Something that keeps coming up recently in private discussions is that
there's supposedly an ambiguity in RFC 1034/1035 about NXDOMAINs, that
is practically observed in broken authoritatives on the internet when
implementing RFC 7816 (qname minimization), and that it was only
clarified in RFC 8020 (NXDOMAIN: there really is nothing
underneath). I'm sorry I didn't pay attention when RFC 8020 was being
discussed, and the RFC itself is nice to have.
There really is no ambiguity in RFC 1034/1035 about NXDOMAINs. RFC 1034
doesn't introduce the DNS as a collection of names; names only come
afterwards. The domain name space is introduced as a tree structure
composed of nodes.

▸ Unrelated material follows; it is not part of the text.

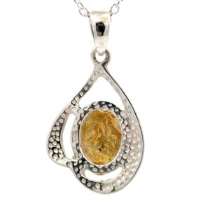Citrine Gold Nugget Howling Wolf Sterling Silver Ladies Pendant

Each node has an associated label of 1-63 octets
except the root that has a 0 length label. Only then, is a domain name
defined as the concatenation of labels from a node to the
root. Everything in the global DNS is this domain name space. There are
nodes, not names, and names are identifiers for the nodes. A name can't
be "present" without the corresponding node existing in the domain name
space. Due to the tree, it follows that for some node to exist, its
ancestor nodes on the path to the root must exist. For a domain name to
exist, all its superdomain names must exist. Hence if a domain name
(node identifier) does not exist, there can be nothing under it.
There is no ambiguity in RFC 1034/1035, and implementations that return
NXDOMAIN for empty non-terminals are broken against RFC 1034.